Begin at the line containing "4. Change the" in the data below and go on through the line containing "당산센트럴아이파크는 빨강색이 많이 보이는데", repeating each line exactly; include both ends and no other line.

(MATERIAL PROVIDED Opens)

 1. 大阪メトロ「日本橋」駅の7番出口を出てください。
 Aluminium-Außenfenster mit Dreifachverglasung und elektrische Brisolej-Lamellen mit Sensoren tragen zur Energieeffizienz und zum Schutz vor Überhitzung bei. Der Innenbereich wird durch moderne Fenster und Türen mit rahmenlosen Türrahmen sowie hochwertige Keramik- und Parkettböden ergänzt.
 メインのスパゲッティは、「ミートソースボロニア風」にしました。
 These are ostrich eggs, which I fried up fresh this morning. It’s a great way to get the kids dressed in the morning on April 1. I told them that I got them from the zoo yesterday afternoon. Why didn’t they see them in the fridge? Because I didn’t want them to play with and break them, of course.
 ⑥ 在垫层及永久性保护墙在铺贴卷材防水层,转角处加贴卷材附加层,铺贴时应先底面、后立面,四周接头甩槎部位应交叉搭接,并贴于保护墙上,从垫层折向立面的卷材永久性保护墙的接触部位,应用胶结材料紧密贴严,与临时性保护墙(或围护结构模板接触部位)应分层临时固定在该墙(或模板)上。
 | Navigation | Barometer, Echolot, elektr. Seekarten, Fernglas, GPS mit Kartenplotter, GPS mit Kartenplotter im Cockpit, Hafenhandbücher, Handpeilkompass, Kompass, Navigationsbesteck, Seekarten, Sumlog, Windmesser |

(MATERIAL PROVIDED Closes)
(MATERIAL PROVIDED Opens)

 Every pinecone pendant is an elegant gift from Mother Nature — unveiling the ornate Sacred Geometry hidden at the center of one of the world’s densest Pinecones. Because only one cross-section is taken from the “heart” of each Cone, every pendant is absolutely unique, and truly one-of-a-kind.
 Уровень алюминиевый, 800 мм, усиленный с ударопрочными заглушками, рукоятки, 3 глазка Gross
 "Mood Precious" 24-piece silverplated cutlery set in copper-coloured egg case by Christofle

(MATERIAL PROVIDED Closes)
(MATERIAL PROVIDED Opens)

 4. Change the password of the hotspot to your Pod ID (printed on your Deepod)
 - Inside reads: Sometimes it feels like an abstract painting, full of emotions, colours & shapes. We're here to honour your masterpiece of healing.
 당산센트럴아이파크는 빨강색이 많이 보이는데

(MATERIAL PROVIDED Closes)

- TASK RESPONSE -
 4. Change the password of the hotspot to your Pod ID (printed on your Deepod)
 - Inside reads: Sometimes it feels like an abstract painting, full of emotions, colours & shapes. We're here to honour your masterpiece of healing.
 당산센트럴아이파크는 빨강색이 많이 보이는데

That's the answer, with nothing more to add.